12.5 No well shall be drilled by Lessee within two hundred (200) feet of any residence, barn, building, or similar structure now or hereafter owned or used by Lessor, or Lessor’s tenants or others permitted by Lessor to be on the Leased Premises.

12.6 Each year during February, Lessee shall furnish Lessor with an updated survey and reproducible Mylar-type map(s) showing the location on the Leased Premises as established by a registered surveyor of all wells drilled and of all pipe lines, tanks, roads, and other facilities placed or constructed thereon by Lessee or under Lessee’s direction during the preceding calendar year.

12.7 (a) Upon Lessor’s request, Lessee shall provide to Lessor information about the stimulation techniques used on the Leased Premises. If Lessor determines that such stimulation is detrimental to Lessor’s interest in the coal seam, Lessor shall notify Lessee. Lessor and Lessee shall then consult and determine an appropriate stimulation technique or practice sufficient to protect the coal seam. For the Mary Lee and the Blue Creek seams within the Oak Grove Mine Area and for such other seams within the Leased Premises as may be designated by

 

17


Lessor as being mineable, it shall be deemed an acceptable practice to hydraulically fracture said seams simultaneously using a total fluid volume up to 150,000 gallons per well and any volume above 150,000 gallons per well shall not be used without the prior written consent of Lessor. For simultaneous fracturing of said seams, fluid pumping rates shall not exceed thirty (30) barrels per minute and bottom-hole pressure shall not exceed 2500 psi except with the prior written consent of Lessor.
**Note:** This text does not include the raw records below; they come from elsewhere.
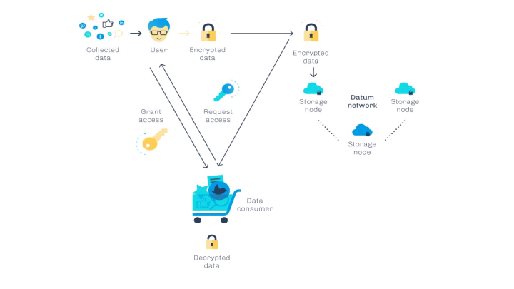 Through the use of smart contracts, Datum allows users to upload their encrypted data to decentralised storage nodes, only making them accessible to people who they choose . In this manner, people can not only decide who can access their information, but also make money from granting interested parties access to their data.Storage capacity and computing power within Datum's ecosystem to comfortably hold all user data is catered for by BigChainDB and IPFS, two platforms renowned for immutable data storage.Users can also allocate their unused PC storage to act as storage nodes, earning DAT tokens in the process (DAT token is the native currency used for transactions within Datum's ecosystem).These storage nodes are globally distributed in a decentralised manner, making data secure and less susceptible to hacks since there are no central servers that can be attacked as in other conventional cloud storage systems .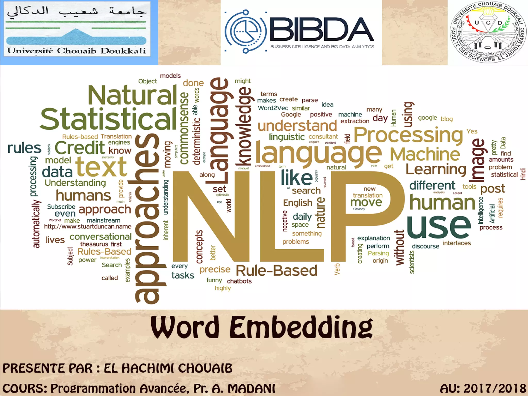 Le document traite des concepts fondamentaux du traitement du langage naturel (NLP), explorant des domaines tels que la compréhension du langage naturel (NLU) et la génération de langage naturel (NLG). Il retrace l'histoire du NLP depuis les premiers traducteurs automatiques jusqu'à l'essor des algorithmes d'apprentissage automatique, tout en abordant des techniques comme le modèle d'espace vectoriel et le TF-IDF pour la pondération des termes. Il souligne également les défis liés à l'ambiguïté linguistique et présente des méthodes modernes comme le word embedding et la bibliothèque Python Gensim pour l'extraction sémantique.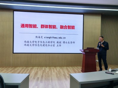 为深化校企合作、拓宽学生学术视野,2025年4月29日下午4点,智者楼 304 教室座无虚席。西南大学熊海灵教授受邀带来 “人工智能发展与群体智能” 主题讲座,以生动讲解和前沿思考,为大数据学院师生打开智能科技新视界。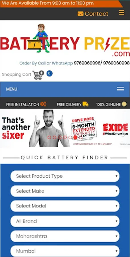 BatteryPrize is always providing best prices with fast, free Home & office Delivery and Installation within 1-2 Hours after ordering the battery.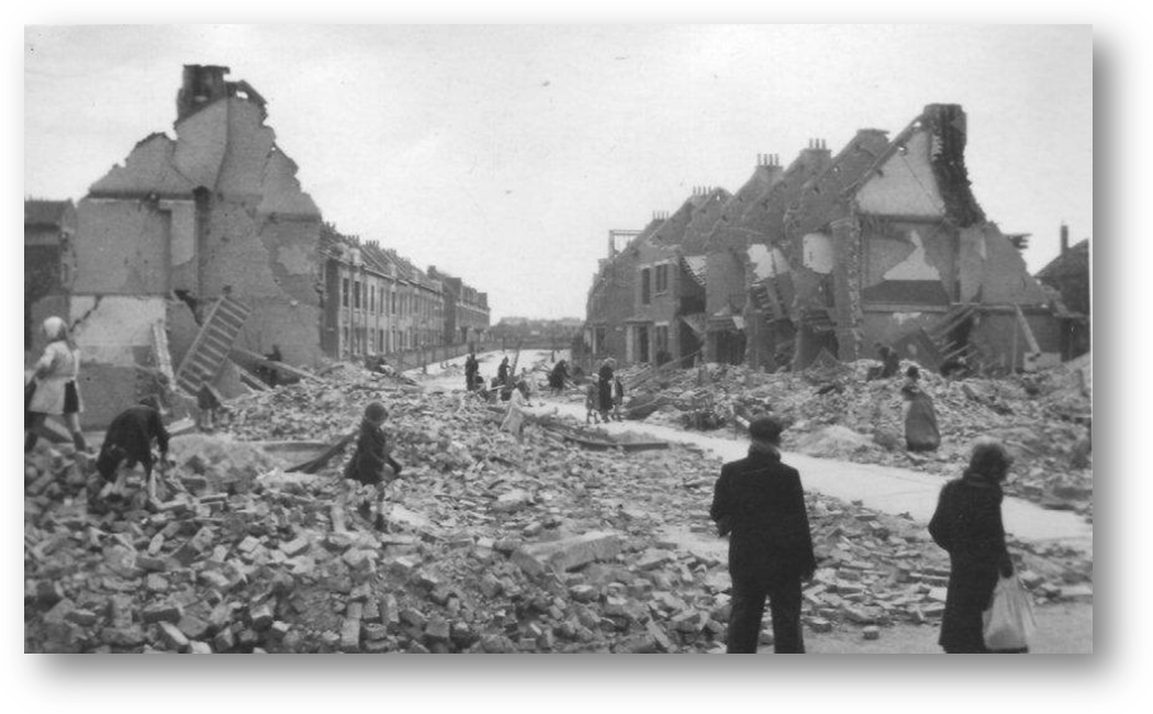 A gauche, dégâts sur Thumesnil après le bombardement du 10 mai 1944 (photo Michel Carré).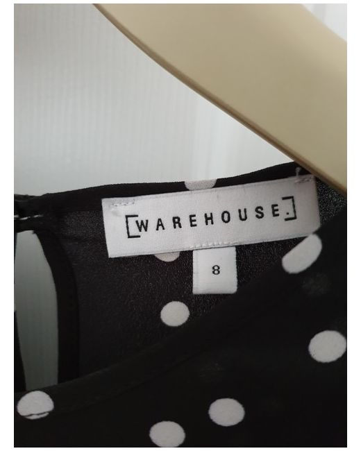 Warehouse Black Polka Dot Top Size 8.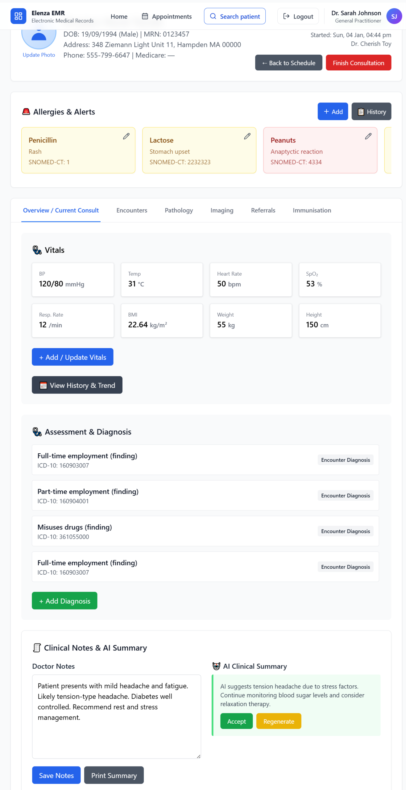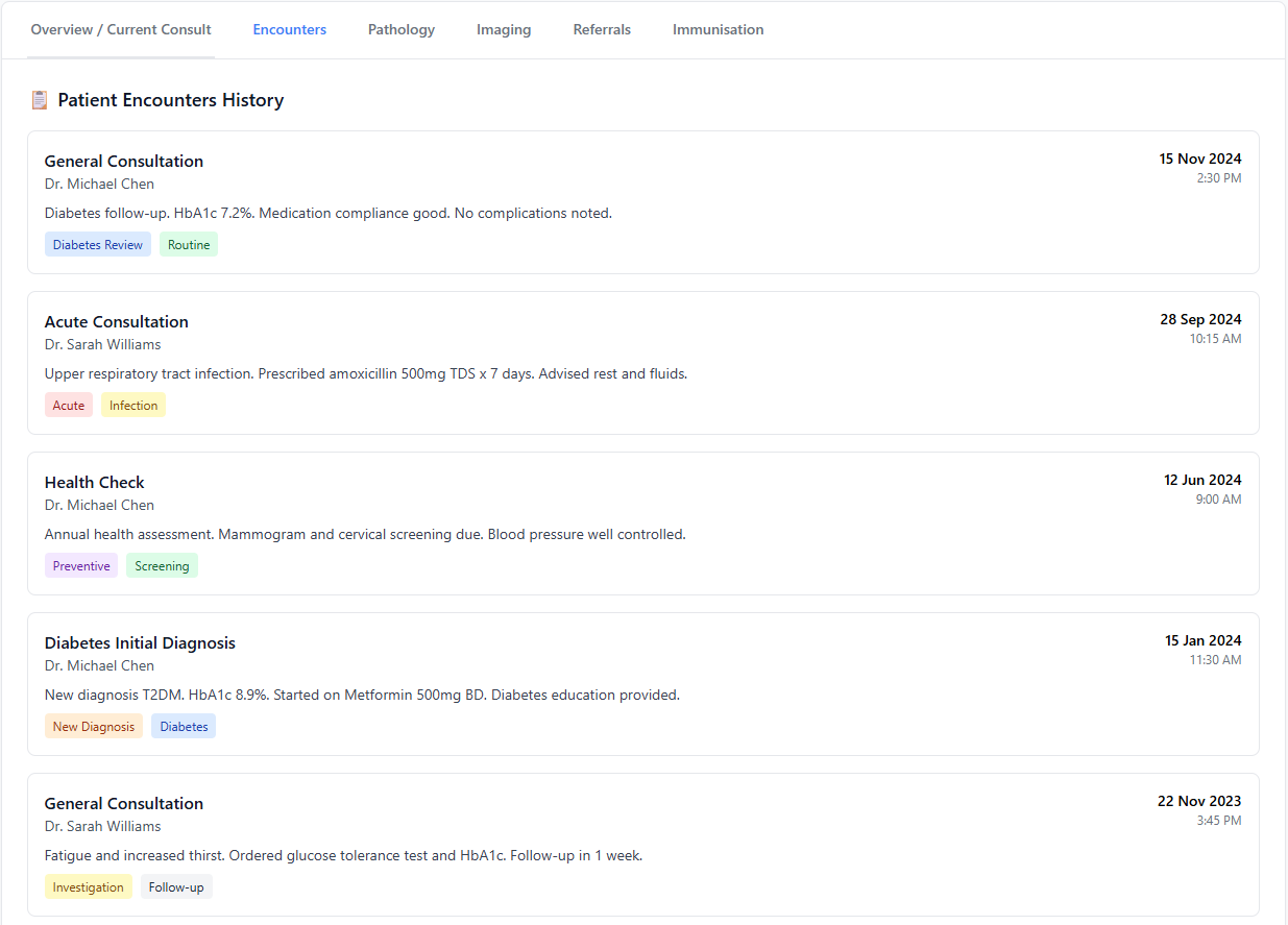 Every patient encounter is organised chronologically, with key findings, diagnoses, and results linked directly to each visit. Clinicians can quickly understand what happened, why it happened, and what needs follow-up β without searching through paper files or fragmented notes.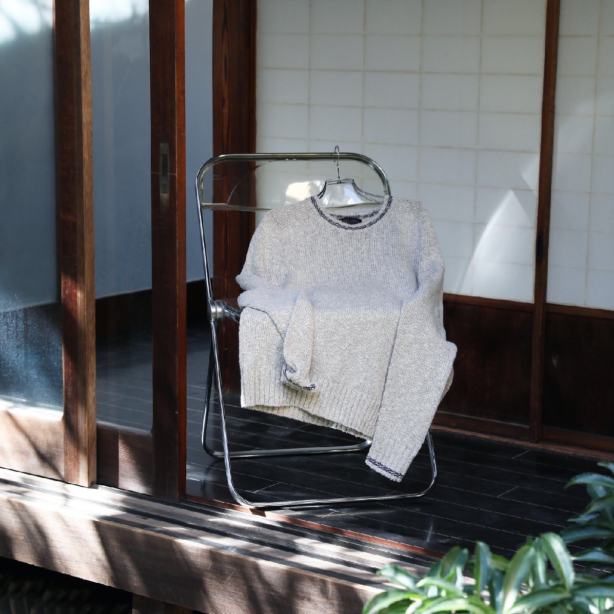 Tシャツ1枚だとまだ朝夕は心細い、そんな時期にお薦めしたいのがリネン混のコットンニットだ。サラッとした質感に優しげな印象を与えてくれる。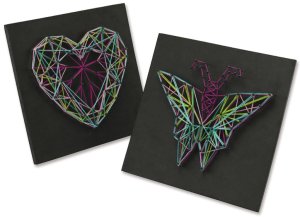 Kreativní sada s motivem srdíčka a motýla, které jsou předtištěny na černých deskách. Pomoci neonových bavlnek si můžete vyrobit kouzelnou dekoraci do pokojíčku nebo originální dárek. Hlavní vlastnosti: rozvíjí kreativitu vhodné pro děti od 8 letvhodné jako dárek

(b) If, in its good faith judgment as a prudent coal operator, Lessor determines that any operations pursuant to this Lease are detrimental to the present or future mineability of any mineable coal seams, whether such harm is physical or due to regulatory considerations, Lessor may require that no further operations of Lessee be conducted in the seams and areas affected without the prior written consent of Lessor.